ADHD in adults is somewhat new and some specialist either don't know or downplay it so keep that in mind. I'd suggest getting to the ADHD Adult specialist/clinic in the area. Depending on the country it might take short or long time to get diagnosed (for myself it took around 6 weekly 1.5h meetings, tests and family interviews), but I know this might vary depending on where you live.

2 comments

My girlfriend was diagnosed with bipolar in her childhood and her whole life was a cycle of new prescription drugs and stop taking them when she realized they change her way to much without helping a lot.

I basically diagnosed her with ADHD (no specialist) we found out someone else already did before me but they never looked into it (mostly because you can barely mix meds for bipolar and adhs)

So essentially we got her a ADHS specialist who confirmed my idea and gave her ritalin.

Totally new person. It's 100% her, not 30-50% her depending on the day. They just started to even stop other medications to focus on ADHD more.

Point is: Yes it's somewhat new, and yes it likely would help a lot of people.

I too have ADD but I don't like amphetamines so often. I essentially went the way to turn my life upside down to build my own environment I enjoy to work in.

I think many who have 'adult' ADHD probably had a form of it as a child, but had early interventions or other mitigating factors that made them not assessed as a child. Such as being poor, or being an ADHD inattentive type, or a girl (ADHD can show up differently in girls vs boys), or an inattentive 'twice exceptional' who is also highly intelligent, so they were well behaved and did 'good enough' in school that nobody really thought to give them a neuro-psychological assessment. Or their undiagnosed ADHD parents think their ADHD kid is normal, because it's close to their behavior set and thus never really thought of it being an issue.
I can tell you directly that ADHD adults always had an ADHD when they were children, as that's not something you develop, it's just more like a skin color or a body build. Our minds just work differently.

ADHD isn't necessarily "hyperactivity" neither, sometimes it doesn't show till later years or even ever. Thus there are forms such as ADD, and ADHD in girls/women manifest vastly differently.
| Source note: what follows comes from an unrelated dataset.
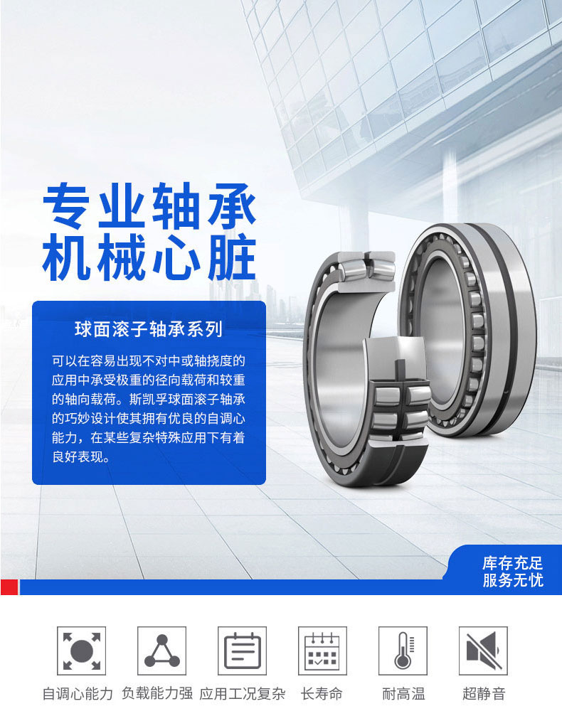 調(diào)心滾子軸承具有兩列滾子,一個(gè)共同的帶球面外圈滾道和內(nèi)圈滾道在軸承軸線成一角度傾斜。在外圈的滾道中的球體的中心點(diǎn)是在軸承軸線。調(diào)心滾子軸承設(shè)計(jì)用于承受重徑向載荷,以及在兩個(gè)方向的軸向載荷重。

It's genetics. Depending on the study ADHD is genetic condition with 70%+ (latest high figure I heard is 77%) chance of passing down the children and around 30% occurrence in the 2nd degree. It's also additive, meaning that if both parents have mild-moderate ADHD the child has chance to hit a neurology jackpot. Based on family story I can exactly tell who have it in my family and it spans quite long. So when for example someone smashes a window or falls and bruises often it's quite often "oh it's always been like this with boys in our family" which is another gate preventing proper diagnosis and management.